## DATA SHOWN
================
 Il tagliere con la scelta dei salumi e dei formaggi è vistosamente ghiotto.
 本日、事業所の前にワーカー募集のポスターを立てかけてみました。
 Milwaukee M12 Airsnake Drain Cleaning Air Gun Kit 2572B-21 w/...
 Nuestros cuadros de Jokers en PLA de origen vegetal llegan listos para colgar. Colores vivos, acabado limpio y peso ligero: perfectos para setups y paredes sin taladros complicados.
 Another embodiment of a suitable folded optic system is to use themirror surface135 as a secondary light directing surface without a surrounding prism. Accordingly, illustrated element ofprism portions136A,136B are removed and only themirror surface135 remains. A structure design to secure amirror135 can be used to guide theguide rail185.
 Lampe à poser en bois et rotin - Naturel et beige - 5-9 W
================
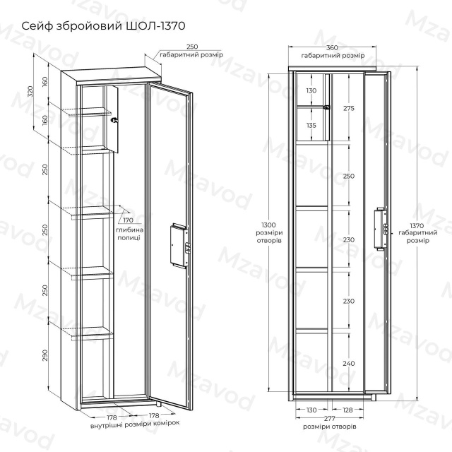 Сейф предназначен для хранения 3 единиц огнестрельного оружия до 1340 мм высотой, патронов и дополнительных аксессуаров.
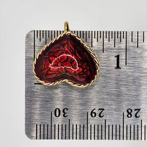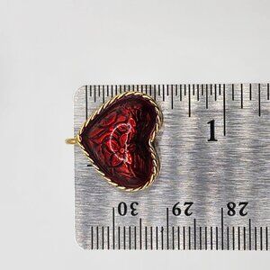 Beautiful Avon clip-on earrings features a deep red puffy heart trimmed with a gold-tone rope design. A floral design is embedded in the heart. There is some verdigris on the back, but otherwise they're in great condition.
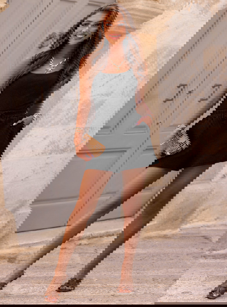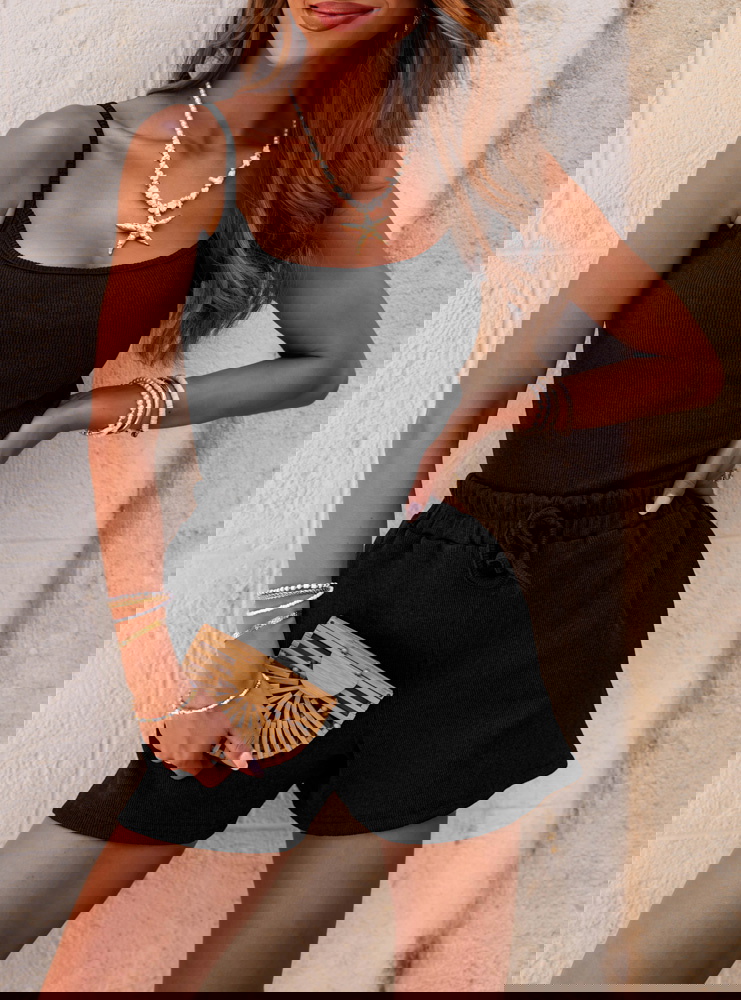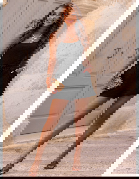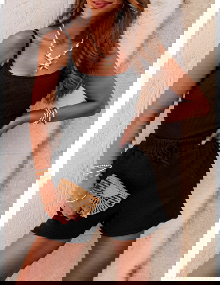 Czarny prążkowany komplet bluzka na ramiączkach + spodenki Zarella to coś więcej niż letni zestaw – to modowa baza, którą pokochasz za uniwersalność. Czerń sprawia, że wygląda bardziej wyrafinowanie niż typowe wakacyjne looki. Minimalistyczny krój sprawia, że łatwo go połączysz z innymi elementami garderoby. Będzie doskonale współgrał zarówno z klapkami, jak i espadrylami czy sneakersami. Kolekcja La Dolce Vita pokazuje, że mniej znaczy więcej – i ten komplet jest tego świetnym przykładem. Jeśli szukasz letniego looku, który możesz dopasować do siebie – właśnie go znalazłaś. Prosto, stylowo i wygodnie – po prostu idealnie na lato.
================
## WORK TO COMPLETE
Repeat, character for character, the lines of the material above from the line with "本日、事業所の前にワーカー募集のポスターを立てかけてみました。" through the line with "Nuestros cuadros de".

## ANSWER AREA
 本日、事業所の前にワーカー募集のポスターを立てかけてみました。
 Milwaukee M12 Airsnake Drain Cleaning Air Gun Kit 2572B-21 w/...
 Nuestros cuadros de Jokers en PLA de origen vegetal llegan listos para colgar. Colores vivos, acabado limpio y peso ligero: perfectos para setups y paredes sin taladros complicados.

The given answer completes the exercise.